Resumen de Construcción en Escherichia coli del Plásmido pAmeA2 que Contiene el Gen csrA de Bacillus licheniformis M2-7
Augusto Rojas Aparicio
, America Yaret Bello Mendoza, José Alberto Hernández Eligio, Alejandro Bolaños Dircio, Yanet Romero Ramírez
- español
Actualmente el uso de los hidrocarburos aromáticos policíclicos se ha asociado a la contaminación de la flora y fauna, repercutiendo sobre la salud humana. Para corregir esta problemática, se han desarrollado métodos de biorremediación basados en la aplicación de microorganismos capaces de restaurar ambientes contaminados con este tipo de hidrocarburos. Uno de los modelos bacterianos utilizados es la cepa de Bacillus licheniformis M2-7, que tiene la capacidad de degradar HAPs.

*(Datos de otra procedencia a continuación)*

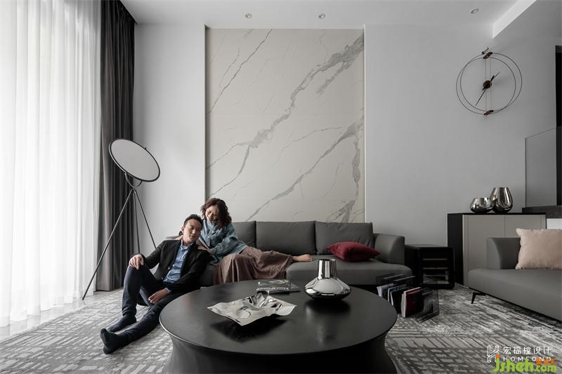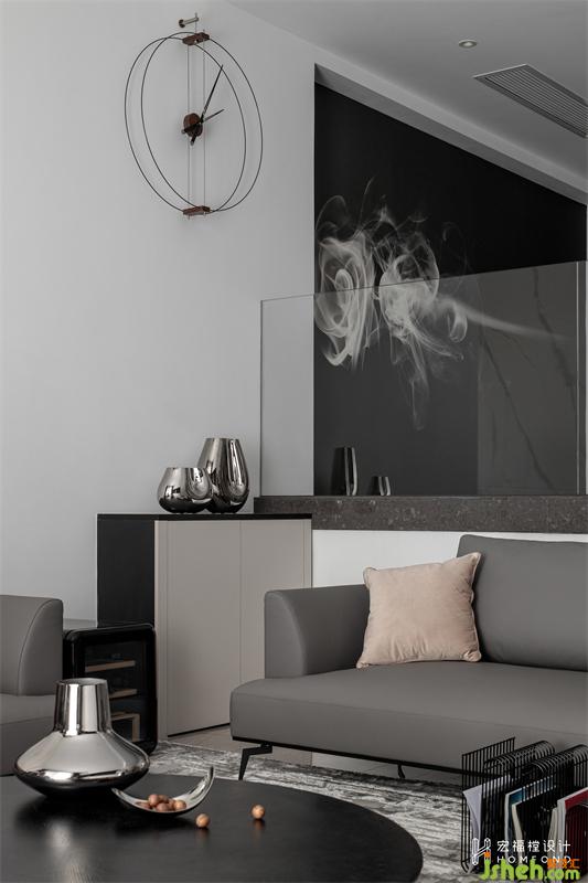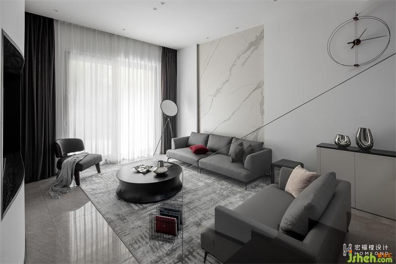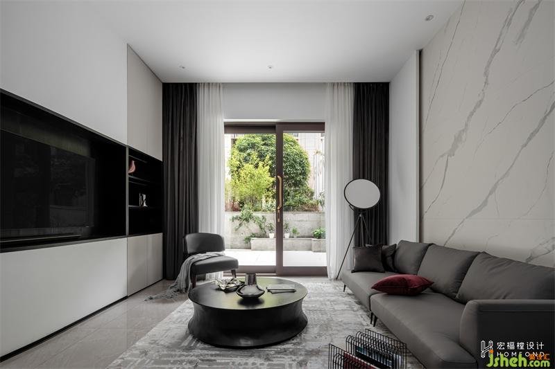 下躍式空間,從形式、幾何構(gòu)造等方面入手,改變了樓梯方向之后,墻面大面積留白,在視覺(jué)上擴(kuò)大空間感受。電視墻設(shè)計(jì)為弧形造型,從遠(yuǎn)至近,彎曲的墻壁改變了居住者入門(mén)后的直行動(dòng)線和對(duì)內(nèi)部空間的氛圍感知。拉開(kāi)窗簾,明凈通透的落地窗最大限度地呈現(xiàn)了室外的綠植風(fēng)景,優(yōu)雅且富有儀式感的日常生活在此徐徐展開(kāi)。

Esto lo lleva a cabo a partir del sistema Csr, que contiene el gen csrA que codifica para la proteína CsrA, asociada a la motilidad y capacidad de utilizar hidrocarburos como fuente de carbono. La presente investigación tuvo como objetivo la construcción del plásmido que contiene el gen csrA de B. licheniformis M2-7. Para ello se caracterizó in silico el gen csrA, se realizó la extracción del ADN de B. licheniformis M2-7 y la amplificación del gen csrA por PCR. El gen fue clonado en el vector pJET1.2/Blunt para la construcción del plásmido. Se transformaron y seleccionaron a las cepas de E. coli, para posteriormente confirmar la presencia de csrA por PCR, digestión enzimática y secuenciación. Se logró construir y confirmar la presencia del plásmido pAmeA2.
- English
Currently, the use of polycyclic aromatic hydrocarbons has been associated with the contamination of flora and fauna, affecting human health. To correct this problem, bioremediation methods have been developed based on the application of microorganisms capable of restoring environments contaminated with this type of hydrocarbons. One of the bacterial models used is the Bacillus licheniformis M2-7 strain, which has the capacity to degrade PAHs. This is carried out by the Csr system, which contains the csrA gene that codes for the CsrA protein, associated with motility and the capacity to use hydrocarbons as a carbon source. The present investigation was aimed at constructing the plasmid containing the csrA gene of B. licheniformis M2-7. For this purpose, the csrA gene was characterized in silico, the DNA of B. licheniformis M2-7 was extracted and the csrA gene was amplified by PCR. The gene was cloned into the pJET1.2/Blunt vector for plasmid construction. E. coli strains were transformed and selected, and the presence of csrA was confirmed by PCR, enzymatic digestion and sequencing. The presence of the plasmid pAmeA2 was constructed and confirmed.